Nessa mesma sessão, por sugestão do delegado da JSN, a  comissão de 18 membros foi reduzida para 9 elementos que ficaram a constituir o elenco da Comis­são Administrativa Munici­pal, sendo eleito para a presi­dir Francisco Manuel Fernandes, coadjuvado por António Leal d’Ascensão, Jo­ão Carlos, José do Nascimen­to Veloso, Duarte Nuno Pinto, Manuel Carlos Penetra, José Sérgio Júnior, Marcos Santos Bernardes e Carlos Augusto Bernardes. Esta comissão ad­ministrativa tomou posse do seu cargo em 15 de Maio no Governo Civil de Lisboa e reuniu oficialmente pela pri­meira vez em 20 de Maio.
(reprodução de uma fotografia publicada no "Badaladas" da 1ª reunião da Comissão administrativa, fotografia do Salão Fotográfico)

A transição do poder concelhio não foi isenta de conflitos e situações caricatas.

Logo a 29 de Abril, o executivo camarário da ditadura, ainda em funções nessa data, reuniu-se e apro­vou, numa manobra de puro oportunismo político, uma moção de adesão ao progra­ma da Junta de Salvação Na­cional, atitude logo aí denun­ciada por vários torrienses que assistiam a tão caricata reunião.

Nessa reunião digladiaram-se duas “facções”, a do presidente em exercício à data do 25 de Abril (Joaquim Pedro Belchior Fernandes), e outra liderada por vereadores que tinham vindo da “SEDES” local (ou como tal autodesignados), tendo à cabeça o vereador José de Oliveira Guia.

O presidente, sem consultar a restante vereação, tomou a iniciativa de contactar “com o seu superior hierárquico – Governador Civil em exercício- tendo recebido deste a confirmação de que deveria continuar no exercício das suas funções, assegurando o regular funcionamento da Administração Local”.

A “facção” liderada pelo Engº. Guia defendia “uma deslocação conjunta da vereação e Presidência, a fim de estabelecerem contacto directo com a Junta de Salvação Nacional.

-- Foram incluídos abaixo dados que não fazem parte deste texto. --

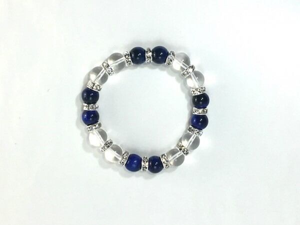 こちらは、ブルータイガーアイと水晶を組み合わせたブレスレットです。間にはロンデルを挟み高級感あるデザインに仕上がっています。石大きさは腕にも馴染みやすいように10mm玉で内周約16cm(伸可能)です。数に限りがございますので気になる方はお早めにどうぞ。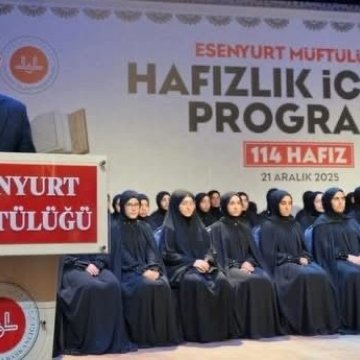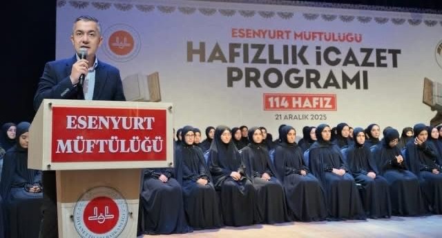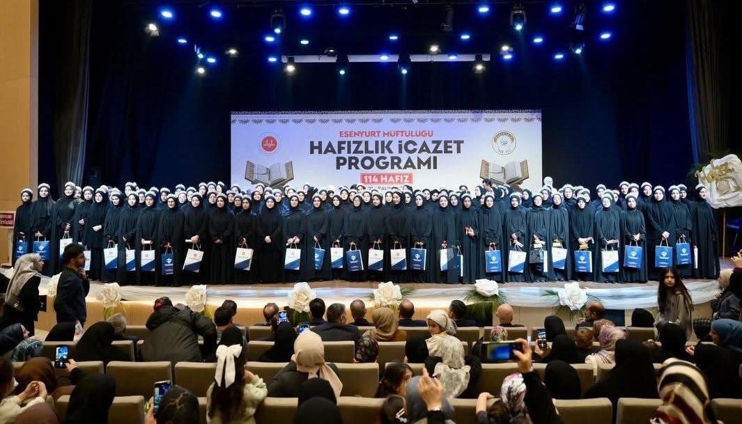 Esenyurt İlçe Müftülüğüne bağlı beş Kız Kur’an Kursu'nda hafızlık eğitimlerini tamamlayan 114 kız öğrenci için "Hafızlık İcazet Merasimi" düzenlendi.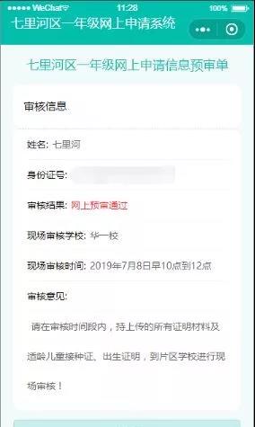 (16)注:在学校未审核之前,您可以再次登录系统进行错误数据修改提交。在学校初审结束后,您可以登录系统查看审核结果。若初审未通过,您可以根据审核意见进行相关操作。若初审通过,请持预审单和相关证明材料,根据自主选择的审核时间段到片区学校进行现场审核。如下图16所示: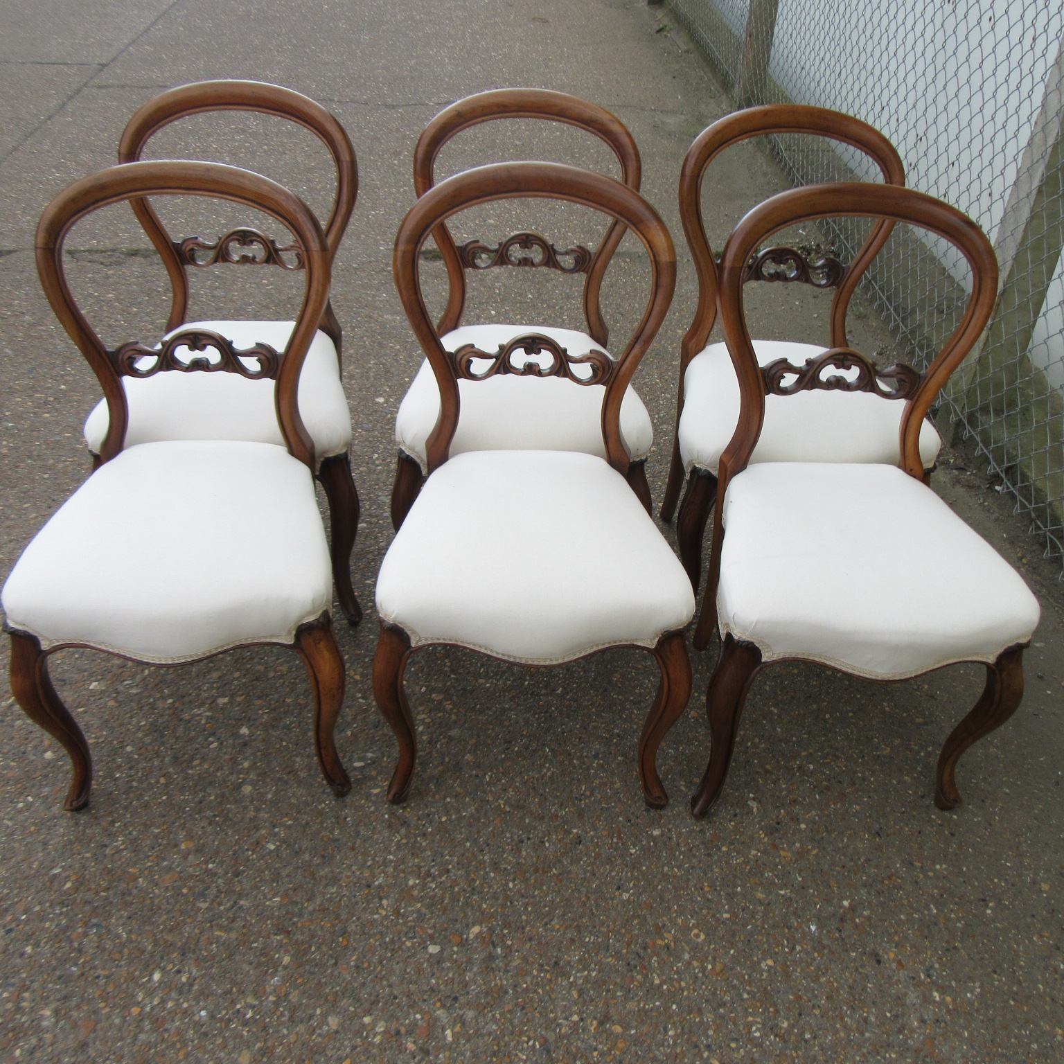 Set of Six Antique Victorian Walnut Balloon Back Dining Chairs c.1840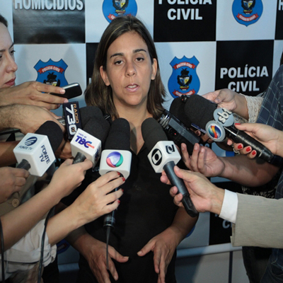 Adriana Ribeiro fala com jornalistas sobre a prisão dos assassinos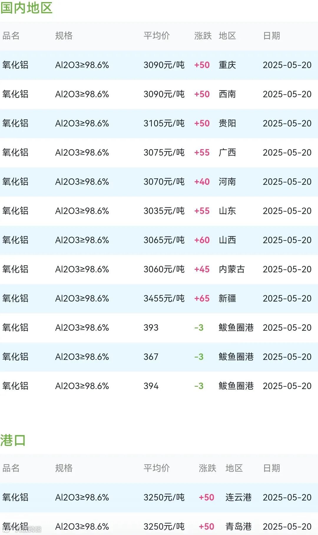 2025年05月20日氧化铝粉体材料市场参考价: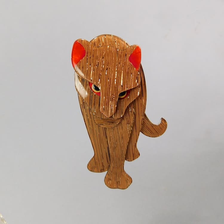 Eros large stalking Jaguar brooch by Lea Stein. Signed on the V safety clasp. 3.25 inches (8cm) long. In as new condition.

Objectivo: colocar os seus lugares à inteira disposição da Junta, já que nenhum de nós, vereadores, sentia e sente que o mandato em que estamos investidos tenha sido conferido pela via democrática que inspira o programa do Movimento das Forças Armadas”.

Face a essa situação, decidiu-se nessa mesma reunião pela manutenção da Câmara “enquanto não for assegurado, por via legal a instauração de uma verdadeira disciplina democrática na Administração Municipal:- a começar pela eleição do presidente e da vereação por sufrágio directo dos munícipes” (10).

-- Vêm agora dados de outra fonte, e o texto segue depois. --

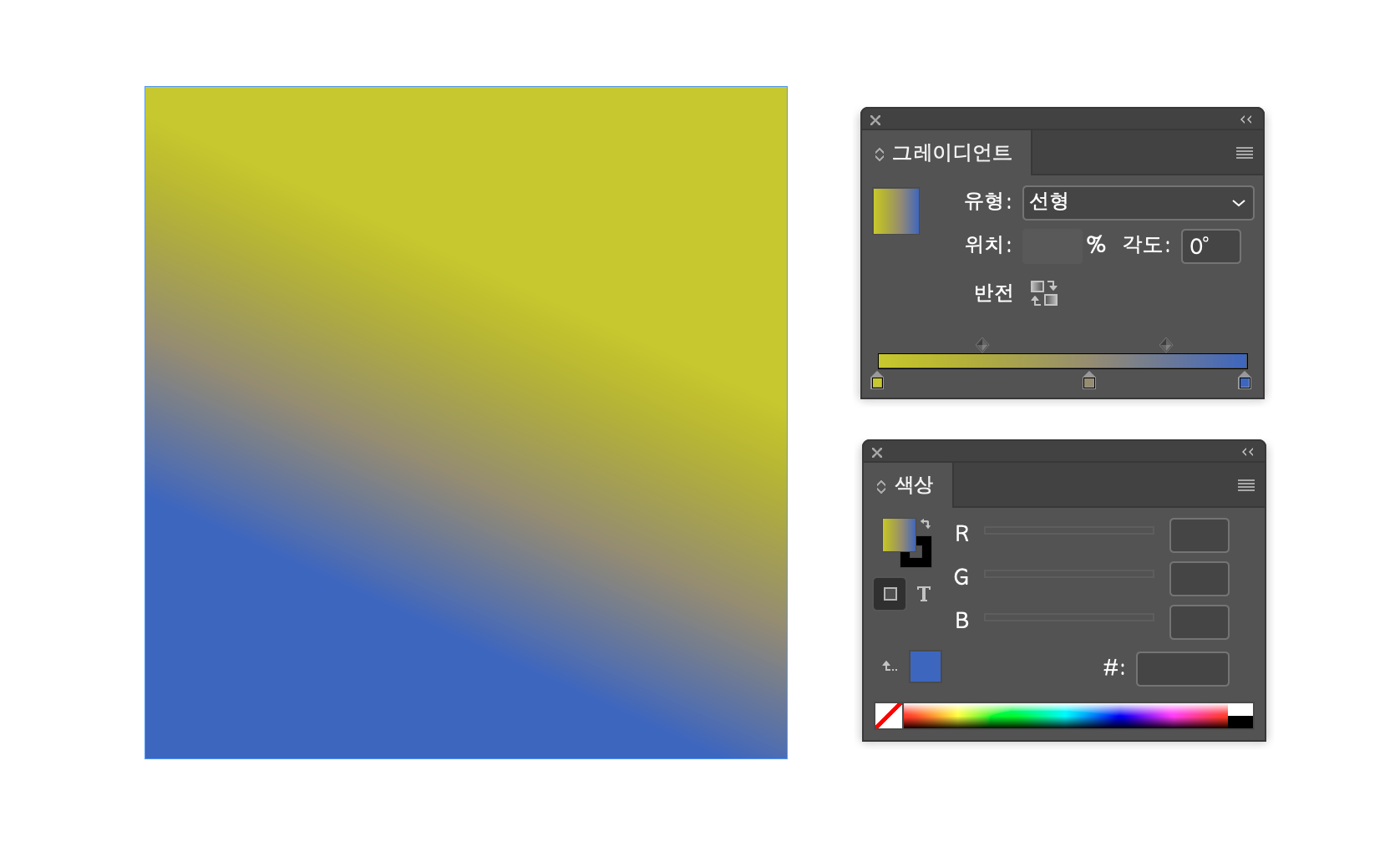 그레이디언트 패널과 색상패널을 동시에 열어놓고 사용해야 한다!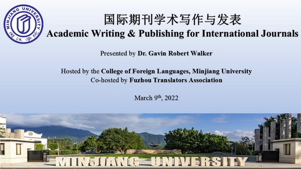3月9日下午,由威廉体育williamhill主办、福州市翻译协会协办的国际期刊学术论文写作与发表培训班在福万楼719会议室拉开序幕。威廉体育williamhill外籍副教授Gavin Robert Walker博士担任主讲人,开展为期8周的系列讲座活动。威廉体育williamhill经理陈洪富、部分外语教师及福州译协会员参与了开班仪式及讲座活动。

Este estratagema foi, contudo, como vimos, ultrapassado pelos acontecimentos, reunindo essa vereação uma última vez em 13 de Maio, para tratar de assuntos correntes.

No dia seguinte era escolhido o elenco da nova comissão administrativa e a defesa da “honra” da vereação deposta coube então à “facção Guia” nas páginas do “Badaladas”, num conjunto de  artigos “assinados”  irónicamente como  “ex-vereação “fascista””, publicados no jornal “Badaladas”.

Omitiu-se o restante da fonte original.